Until the opposite player has less than seven cards, there are no problems. Even with an even number of cards there is no problem since we can split the set of cards in several rows (up to six 1) of same length. For example 16 cards will be split in four rows with four cards each, then we throw the dice once to pick a row, and then again to pick a card (of course if the dice shows five, we must throw again the dice). All of these cards have the same probability to be picked, but there are issues with an odd number of cards.

For example seven. We do two rows, one with three and the other with four cards. These cards don't have the same probability.

I thought about it for a while but i didn't see any solution (involving: the disposition of the cards, a dice of six faces and only simple maths [no calculators] such as modulo and so on), but i know that there are here people way more skilled than me.

Then, can someone tell me if the problem is solvable? Thanks a lot in advance.

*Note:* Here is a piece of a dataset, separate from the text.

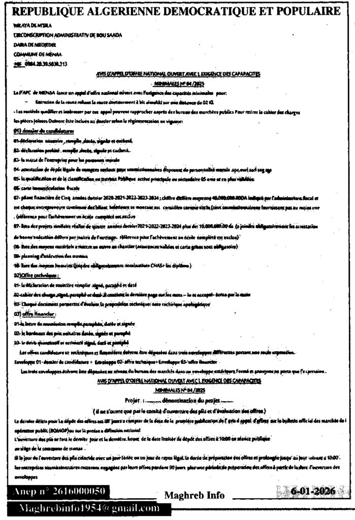 إعلان عن طلب العروض المفتوح 2025/04 بلدية مناعة
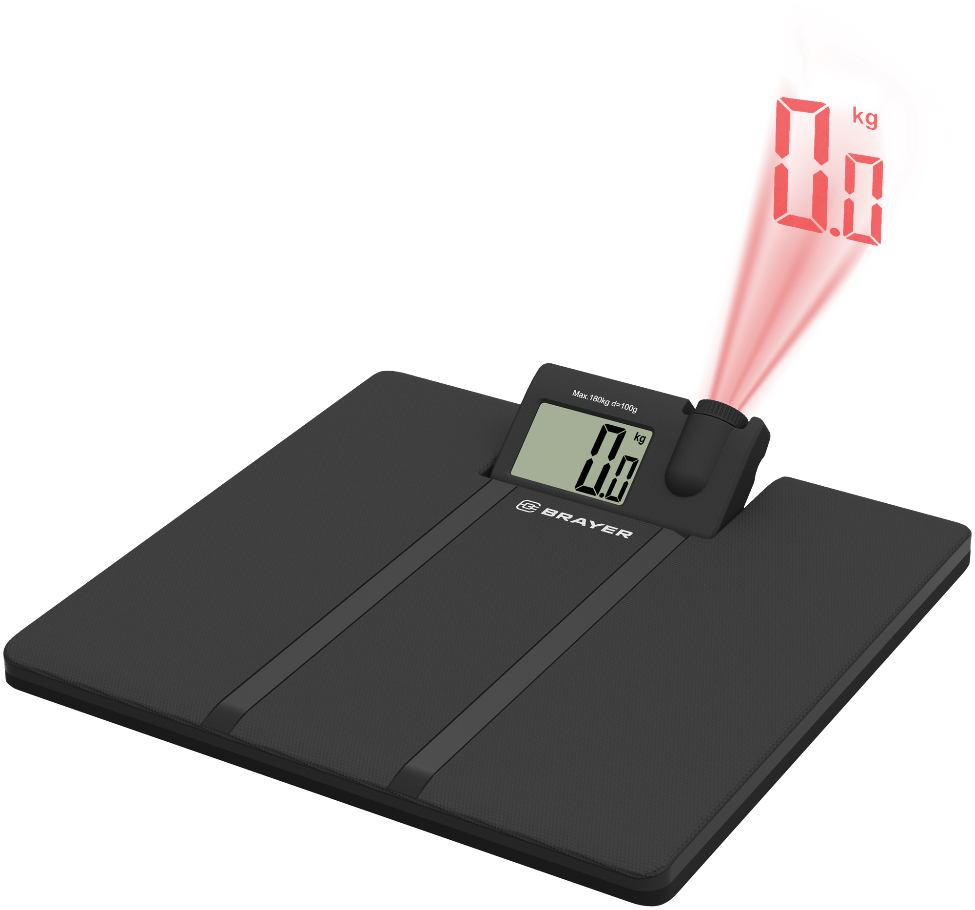 Весы напольные BRAYER 3736BR /до 180 кг, разм 33*32 см, диспл 62*40 мм, проектор, 4*АА 59992

PS: sorry for syntax mistakes, i know that i should improve my english. PPS: my "pratical" solution is - pick a dice with 20 faces to solve almost all real scenarios, but is not a mathematical solution.

1 assuming that the maximum number of cards in the hands of a player is 36.

edit: sorry for bouncing the "answer chosen" but i was unsure ^_^

edit2: i just acquired the "vote up" privilege, so i grant i vote and i can delete my "thanks/whoa" comments as the guide suggest.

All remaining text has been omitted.